= Olpasiran =

Investigational medical therapy

Olpasiran (development code AMG 890, formerly ARO-LPA) is an investigational small interfering RNA (siRNA) therapy developed by Arrowhead Pharmaceuticals and licensed worldwide by Amgen. As of October 2025, it is in phase 3 trials to evaluate whether it reduces cardiovascular risk by lowering lipoprotein(a) (Lp(a)). Olpasiran is under investigation to reduce major adverse cardiovascular events in patients with established atherosclerotic cardiovascular disease (ASCVD) and elevated Lp(a) concentrations, as well as for individuals at high-risk for a first cardiovascular event and elevated Lp(a) concentrations.

==Adverse effects==
In clinical trials, olpasiran was generally well tolerated. The most frequent adverse events were injection-site reactions, which were usually mild. No major safety signals emerged.

==Mechanism of action==
Olpasiran is a N-acetylgalactosamine (GalNAc)–conjugated siRNA. After uptake by hepatocytes through the asialoglycoprotein receptor, the antisense strand is incorporated into the RNA-induced silencing complex (RISC), which inhibits expression of the LPA gene. This reduces apolipoprotein(a) production and lowers circulating Lp(a).

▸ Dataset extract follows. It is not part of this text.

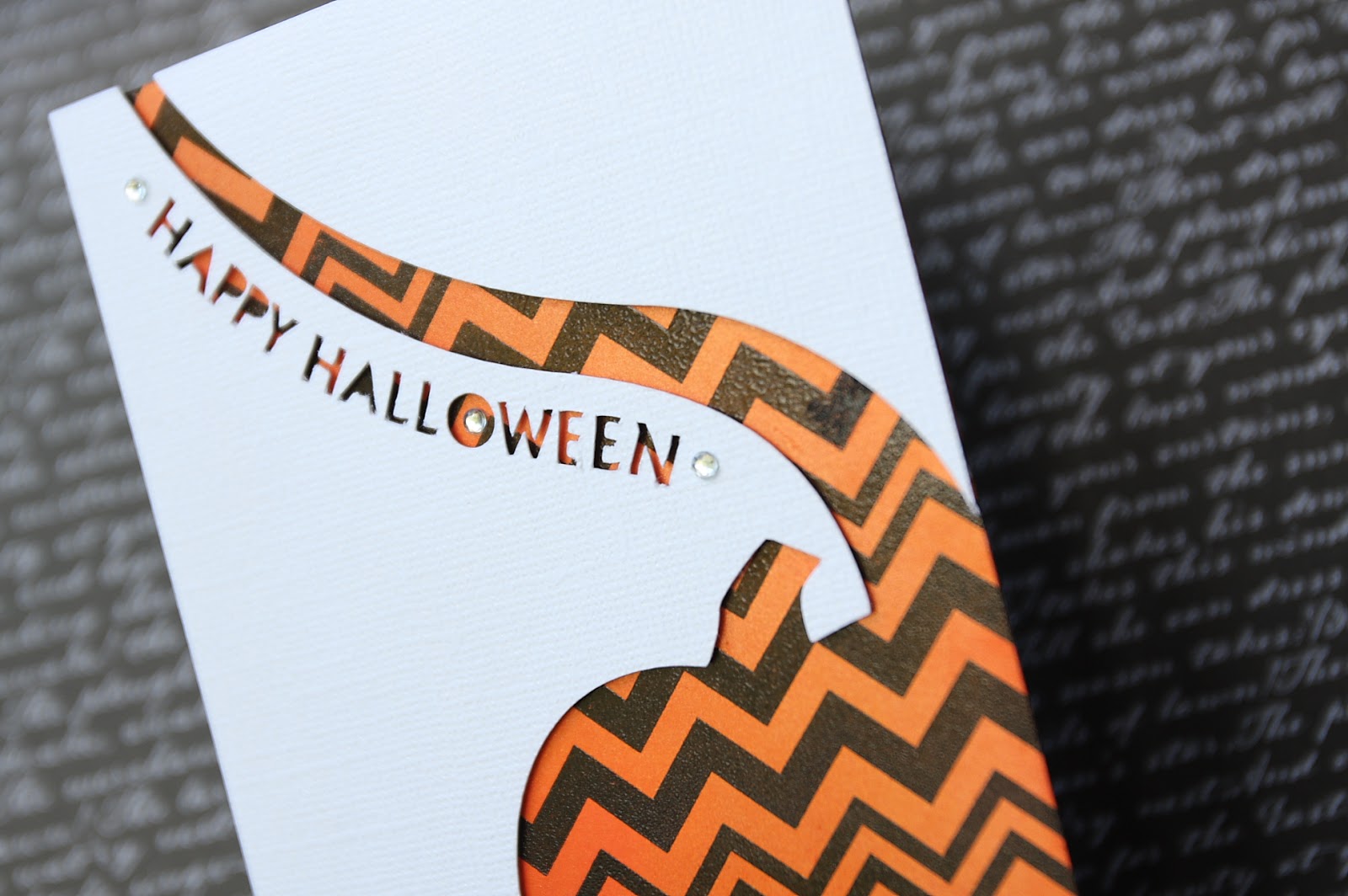 For this card I used the same cutting file for pumkin but made an additional layer with slightly smaller pumpkin, which I cut out in black for outline. I arranged the pumkin offset and welded the sentiment (font: Powerhouse Era). The pumpkin was coloured in orange using the same technique like the first card. Before I applied the Perpect Pearls biscotti, I created black diamond pattern with a stencil I made for this pumpkin.

Olpasiran is a double-stranded siRNA chemically modified for stability and conjugated with GalNAc to enable hepatocyte targeting.

==History==
Olpasiran was originally developed by Arrowhead Pharmaceuticals (as ARO-LPA) and licensed to Amgen in 2016. In 2022, Arrowhead sold a portion of its royalty rights to Royalty Pharma.

==Research==
In a phase 1 trial, one dose of olpasiran led to lower Lp(a) levels sustained for up to 6 months. The phase 2 OCEAN(a)-DOSE trial demonstrated dose-dependent, sustained Lp(a) lowering with acceptable tolerability. In OCEAN(a)-DOSE, olpasiran reduced Lp(a) levels by more than 95% at some doses as compared to placebo, with durable suppression persisting for up to 48 weeks after treatment discontinuation.
A large phase 3 cardiovascular outcomes trial began in 2022 to determine whether Lp(a) reduction with olpasiran decreases events in patients with established ASCVD and a history of cardiovascular events.